The drug reduces the viscosity of the blood and improves its rheological properties, as well as improves the parameters of hemodynamics, has a diuretic and detoxification effect.
PHARMACOKINETICS
Data on the pharmacokinetics of the drug Mafusol are not available.
INDICATIONS
Hypovolemic and hypoxic states of different etiology:
- Loss of water;
-Shock (hemorrhagic, burn, traumatic, operating);
-intoxication (including with peritonitis, sepsis, intestinal obstruction);
-injury.
As a component of the perfusion mixture for filling the device of artificial circulation.
DOSING MODE
The drug is administered intravenously and intravenously. Doses and the speed of administration are set individually, depending on the indications and the patient's condition.

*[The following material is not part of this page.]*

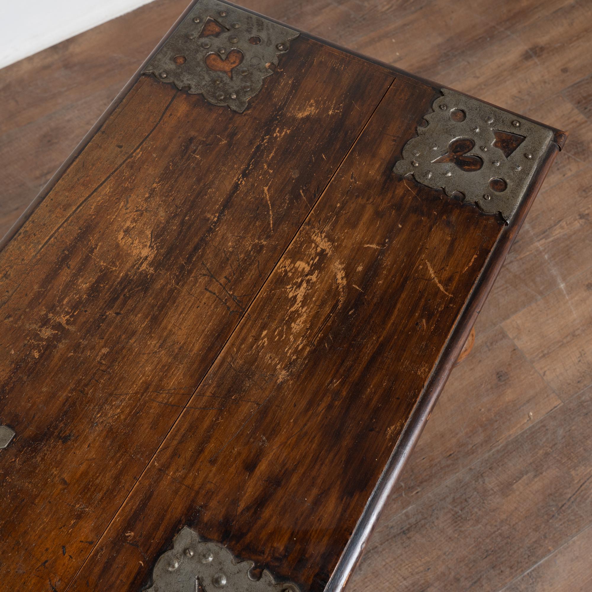 Heavy decorative metal corners, side handles, and iron accents reinforce its original purpose as a secure lockbox intended to protect household valuables and important papers. The original key is included for display; however, the lock is no longer present.

In the shock of mild to moderate severity, the drug is injected into / a and / in the struino. After the normalization of the parameters of hemodynamics - in / in the drip in a daily dose of up to 2-2.5 liters. In severe shock, the administration of Mafusol (at least 1 L / day) is combined with the administration of blood and colloid blood substitutes for hemodynamic action.
In severe intoxication, the drug is administered at a dose of up to 2-3 l / day in combination with other detoxification preparations.

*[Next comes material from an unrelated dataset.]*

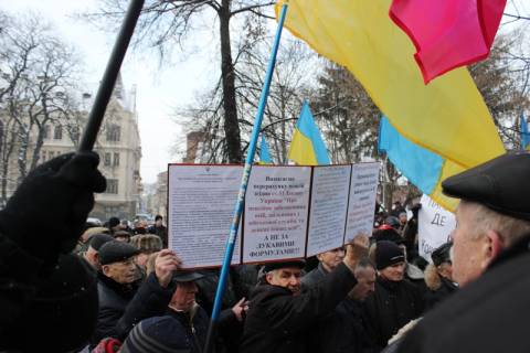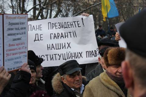 "Ми вимагаємо від влади повернути ветеранам МВС, Збройних сил, прикордонникам та пожежникам, всім, хто вийшов на пенсію, їхнє правове поле та перерахунку пенсій", – заявив учасник мітингу Степан Шиян.

When filling the apparatus of artificial circulation, Mafusol makes up to 50-70% of the total volume of the perfusion solution introduced into the apparatus.
SIDE EFFECT
When applied according to the indications in the recommended doses, no side effect was noted.
CONTRAINDICATIONS
Conditions in which a large amount of liquid should not be introduced into the body, including:
-increase of intracranial pressure with closed trauma of the skull;
-chronic heart failure in decompensation.
PREGNANCY AND LACTATION
Safety and effectiveness of the drug during pregnancy and lactation are not established.
SPECIAL INSTRUCTIONS
Mafusol can be used in combination with blood and colloid blood substitutes for hemodynamic action, as well as in combination with other detoxification agents.
OVERDOSE
Data on the overdose of the drug Mafusol is currently absent.
DRUG INTERACTION
Drug interaction of the drug has not been studied.
TERMS AND CONDITIONS OF STORAGE
The drug should be stored in a dry place inaccessible to children at a temperature of 0 В° to 25 В° C. Freezing is allowed. Shelf life - 2 years.
Conditions of leave from pharmacies
The drug is released by prescription.